Question about accessory power supplies

I’m a long time electronics guy but I have a question for the Forum. I have struggled for years with my layouts non track related power supplies. Over the years I have purchased and built all kinds of accessories with varying operating voltages. At one time I had more wall-warts than I had power strips to plug them into.

I decided to go to one 12 volt power supply with several regulators, early on that worked OK but again as time flew by the loading increased rapidly on the regulators creating heat. Then it was fans time to get rid of the heat.

Regulators are just too inefficient at high current loading.

I have the following power requirements:

1.4 volts at 5 amps (1½ volt micro bulb vehicle headlights)
4.5 volts at 1 amp (animated signs)
5 volts at 5 amps (Arduinos/many animated servo or motor driven g

It strikes me that the power supply from a desktop computer may be able to provide what you need.
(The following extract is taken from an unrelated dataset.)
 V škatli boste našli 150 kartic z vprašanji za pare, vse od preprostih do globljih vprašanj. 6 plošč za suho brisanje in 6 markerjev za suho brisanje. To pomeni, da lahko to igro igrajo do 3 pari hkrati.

Depending on the wattage of the power supply used, you’ll be able to provide enough current for all your accessories. They also have feeds at multiple voltages. You’d be able to use the 3.3v, 5v and 12v outputs, then regulate those down to some of the other voltages as needed.

I took this approach when I needed a power supply for my layout lighting. Here’s how I did it, if you’re interested: http://bvlcorr.tumblr.com/post/135005793372/a-power-full-lesson-part-2. I only used the 12v feed for the lighting, as I already had my accessory buses set up and working. I also needed all the desktop power supply’s amperage for the lights.
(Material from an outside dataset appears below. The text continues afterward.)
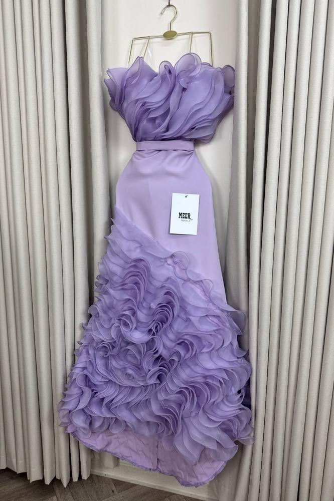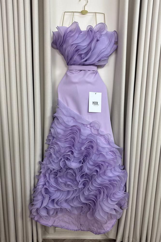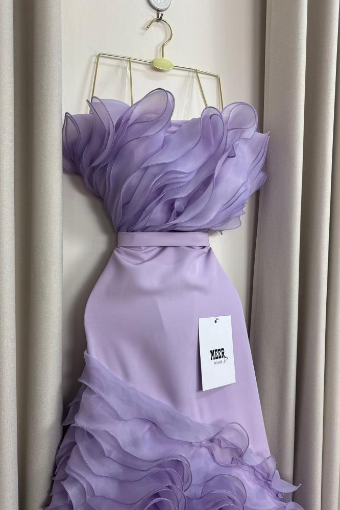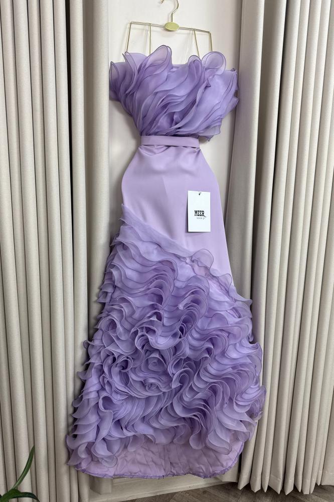فستان سهرة بنفسجي فاتح بتصميم ناعم وأنيق، يتميز بقماش شيفون مطوي بطبقات مموجة عند الصدر وأسفل الفستان، يمنحه مظهرًا فخمًا وأنثويًا. قصته ضيقة من الخصر لتبرز القوام بانسيابية وجاذبية

My “other” hobby is playing with CCTV cameras. I have found some of the camera power supplies to be handy to use for auxiliary layout power. The voltage is stable and each output is protected. Some have fuses, the ones I have are auto-reset devices.

Here’s an example:

http://www.ebay.com/itm/12V-DC-10A-18-CH-Channel-BOXED-POWER-SUPPLY-UNIT-For-CCTV-Surveillance-Camera-/181996309497?hash=item2a5fd34bf9:g:m9gAAOSwa-dWnhVu

My layout has “evolved” over the years so I have several about a dozen supplies for lighting and signals. An old MRC Controlmaster 20 provides the bulk of the incandescent lighting. I use the variable DC out so I can dial down the voltage. When visitors are present I bump it up a little.
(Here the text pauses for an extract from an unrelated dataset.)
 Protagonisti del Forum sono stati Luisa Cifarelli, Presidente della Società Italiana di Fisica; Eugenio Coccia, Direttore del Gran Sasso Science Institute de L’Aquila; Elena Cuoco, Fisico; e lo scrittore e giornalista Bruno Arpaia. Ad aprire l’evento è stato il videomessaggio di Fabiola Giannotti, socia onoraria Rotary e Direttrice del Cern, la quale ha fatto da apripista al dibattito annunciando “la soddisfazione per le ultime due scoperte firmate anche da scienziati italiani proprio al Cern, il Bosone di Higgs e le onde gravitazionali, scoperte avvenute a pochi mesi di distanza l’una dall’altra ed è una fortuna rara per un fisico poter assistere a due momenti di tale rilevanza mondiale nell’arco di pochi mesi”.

I have some of these volt/amp meters on my outputs, too:

30-35 amps? I prefer to have multiple low-amperage circuits rather than a big central source. My last incandescent lighting project was my “Union Station” platforms and the current draw for those alone was 7 ½ amps!

Regards, Ed

I used to go through my seemingly limitless supply of chargers from old phones. cordless drills and the like. I got tired of it.

Now, I have 12 VDC supplies set up for each section of my layout. They drive a bus for that section. Each supply has a toggle switch on the control panel, and a fuse to prevent burning out the supply on a short or overload.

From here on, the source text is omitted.